Паша отпивает горький кофе из бумажного стаканчика и шипяще матерится, обжигая язык. Ему жгут спину осуждающие и возмущенные взгляды, и Паша мысленно материт и их, потому что, суки, черную косуху прожгут, как сигаретой, даром что она толщиной с моржовую шкуру.
— Веди. Себя. Прилично, — цедит его дражайший дядюшка — чтоб он собственной желчью выжег себе глотку и голосовые связки — топя половину звуков в шипении химической реакции яда и бешенства. Паша даже не смотрит в его сторону. Лениво бродящий по комнате взгляд выцепляет из толпы зимне-снежную белизну пиджака поверх геометрически-строгой ровной осанки и пыльное пшено русых кудрей, и Паша хочет полюбоваться приятным видом несколько дольше мгновения, но силуэт предательски пропадает без вести, тая в однотонно-уродливой толпе.
— Я не просил меня тащить сюда, — безразлично пожимает плечами Паша, будто не наслаждается от души, когда играет на струнах тонкой душевной организации дядюшки, наматывая их на барабанные палочки, чтобы связать шарф, такой же хреновый, как и вся гнилая дядюшкина персона.
— Ты что, черт побери, не понимаешь?! — шипит дядюшка яростно и обрывается, чтобы вежливо улыбнуться даме в шелках-жемчугах и меховой накидке, на которой не хватает только семизначного ценника, чтобы выглядеть до победного конца дорого-богато. Паша кратко машет рукой и мило улыбается даме под ее брезгливым взглядом. «У такого достойного человека такой племянник, ужасно. Ах, как он свят, что не стыдится своей крови и не запер его где-то в клинике для душевнобольных, как бы поступил любой другой. Святой, право, святой! А Павел этот и еретик, и либерал, и псих, бла-бла-бла…» Дядюшка продолжает, душа в себе бешенство, лишь бы не опозориться в этом обществе, закатив уродливейший скандал: — Тебе необходимо если не проявить себя достойно в приличном обществе — ты на это, сучий сын, не способен — то хотя бы не вылететь из него к чертовой матери.
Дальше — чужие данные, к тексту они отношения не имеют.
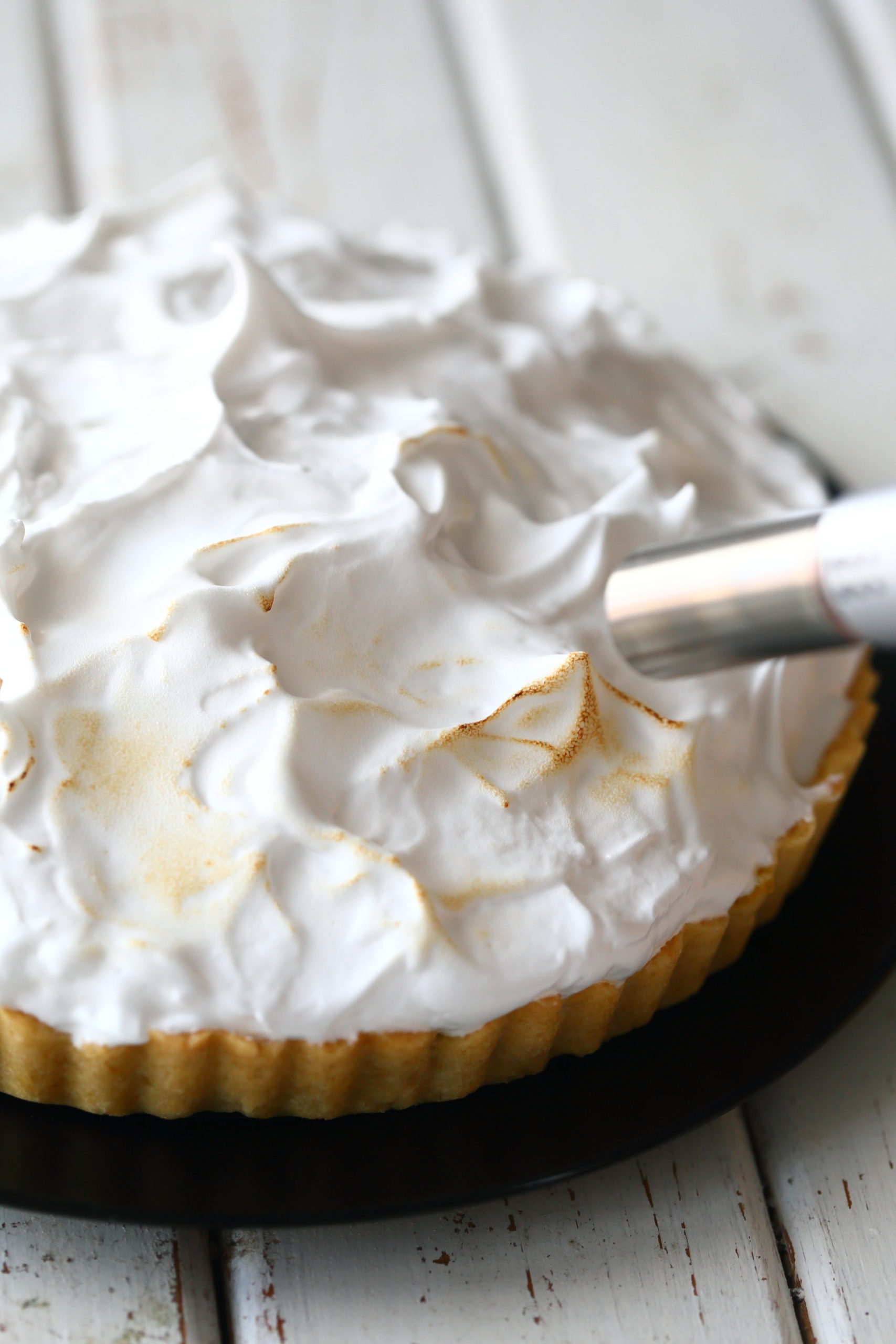 Levitä marenki piirakan päälle ja polta marengin pinta tohottimella.

— И нахуя мне это? — безразлично спрашивает Паша. Дядя немеет от возмущения, и Паша добивает: — у меня скоро будет вышка, неплохая подработка и нормальное окружение, а не это вот, — он броским размашистым жестом обводит толпу, позвякивая металлом замков на рукавах и нечаянно проливая кофе на пальцы, и прям физически чувствует, как дядюшка отчаянно борется с желанием сломать Паше руку. Люди самых благороднейших кровей откликаются всколохом возмущенных шепотков и надменной резью косых взглядов, и Паша с чистой совестью воспринимает это как комплимент.
Почему-то Паше мягким теплом жжет висок и смутно кажется, что не все из этого расчудесного собрания смотрят на него с презрением. Он косо режет остро-уверенным взглядом по сторонам и едва не теряет всю свою уверенность, когда напарывается на чужой взгляд, грязно-синий и задумчивый. Русые кудри, белоснежный пиджак, до неприличия шикарные черты лица, прохладная искра интереса в холодно-красивых глазах. Пашина растаявшая в толпе живая эстетика сама его нашла и пропадать теперь, кажется, не собирается, несмотря на то, что некая разряженная в пух и прах дама остервенело что-то шепчет ему на ухо, потрясая угольными перьями на шляпе, недовольно изгибая тонкие губы и цепко удерживая за его плечо.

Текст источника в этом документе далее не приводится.